Source material -
-- -- --
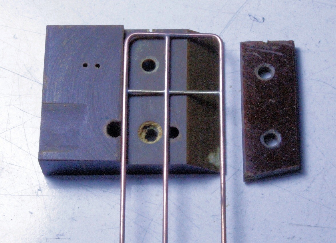 Rechts liegt ein "Spanneisen", mit dem das Biegeteil auf der Biegevorrichtung
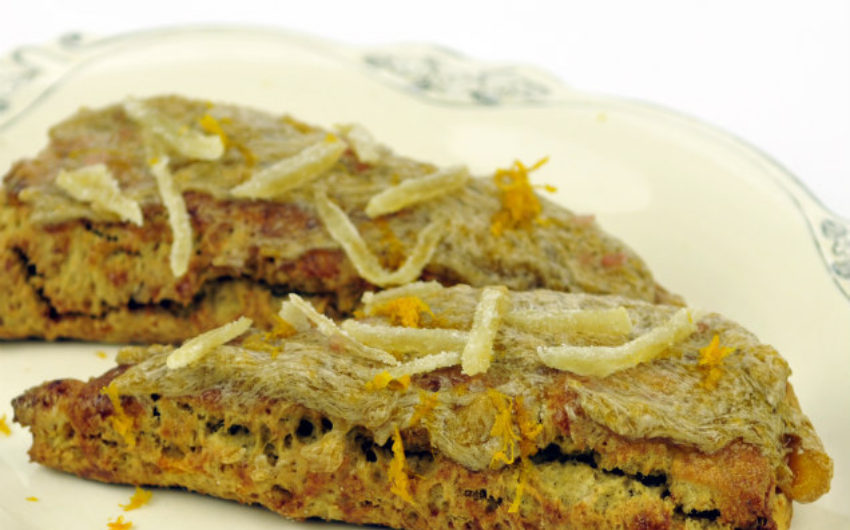 On a floured surface, press dough into a 1-inch thick rectangle and cut into 8 large or 16 small triangles. Place on a parchment-lined sheet pan and bake for 12 to 16 minutes, depending on size, until golden brown. Let cool on racks while you make the glaze.
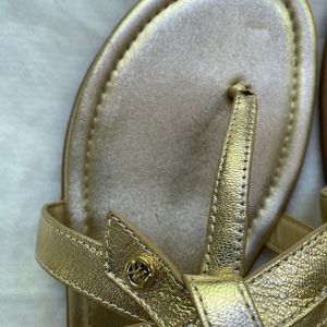 MICHAEL KORS Women Metallic Gold Bow Sandals - NEW NWOB
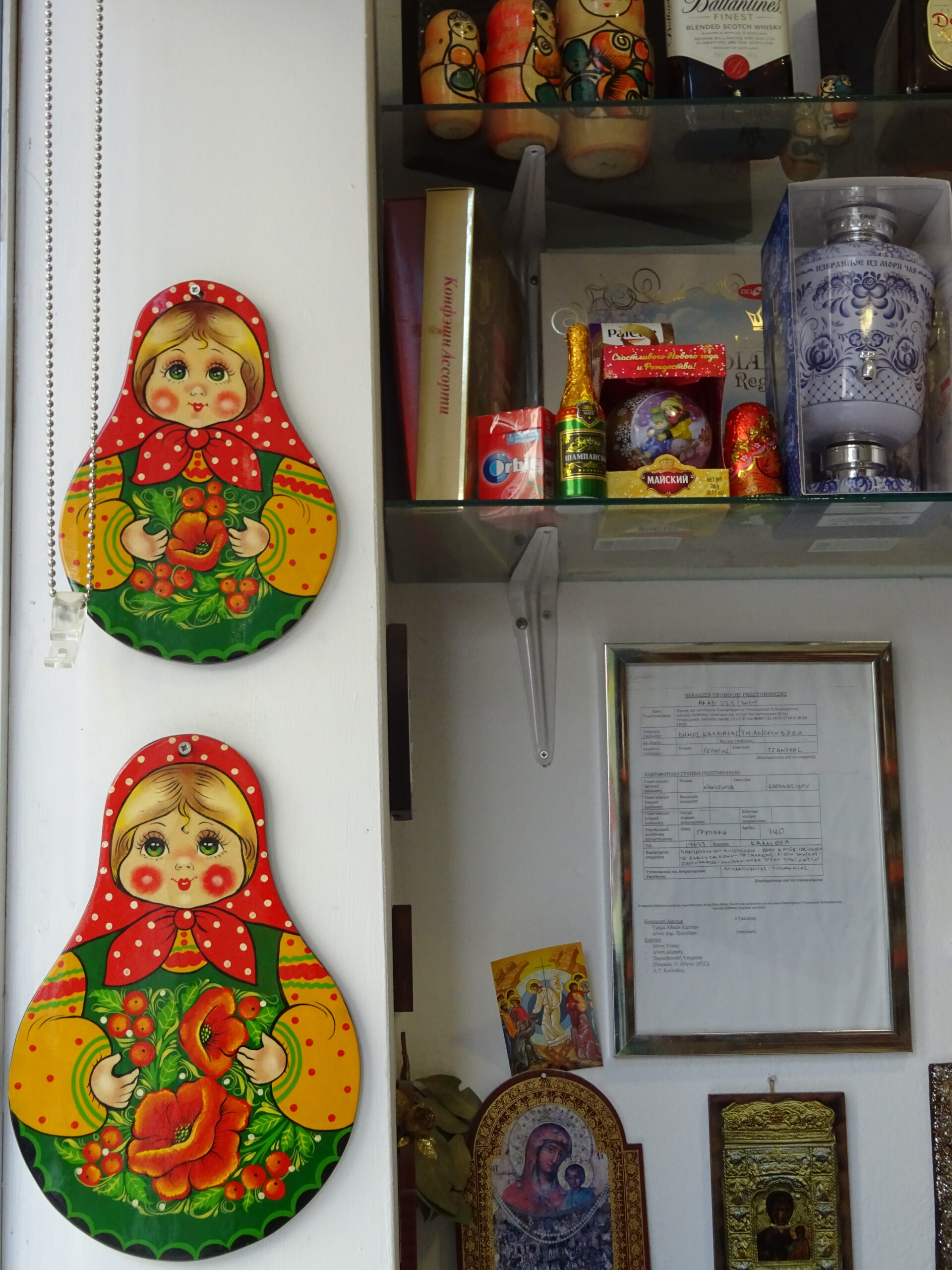 The first thing to make an impression when visiting Russian grocery stores in the Athens suburb Kallithea is the vintage-style packaging of goods, bearing letters in the Cyrillic alphabet. Colourful babushka dolls, distinctive scents, dominated by garlic, piles of charcuterie and lots of vodkas also become apparent to shoppers exploring these stores.
-- -- --
What is being asked -
In the listing above, find the line with "On a floured" and the line with "MICHAEL KORS Women". Output both, plus every line between them, and no pictures.

Problem solution -
 On a floured surface, press dough into a 1-inch thick rectangle and cut into 8 large or 16 small triangles. Place on a parchment-lined sheet pan and bake for 12 to 16 minutes, depending on size, until golden brown. Let cool on racks while you make the glaze.
 MICHAEL KORS Women Metallic Gold Bow Sandals - NEW NWOB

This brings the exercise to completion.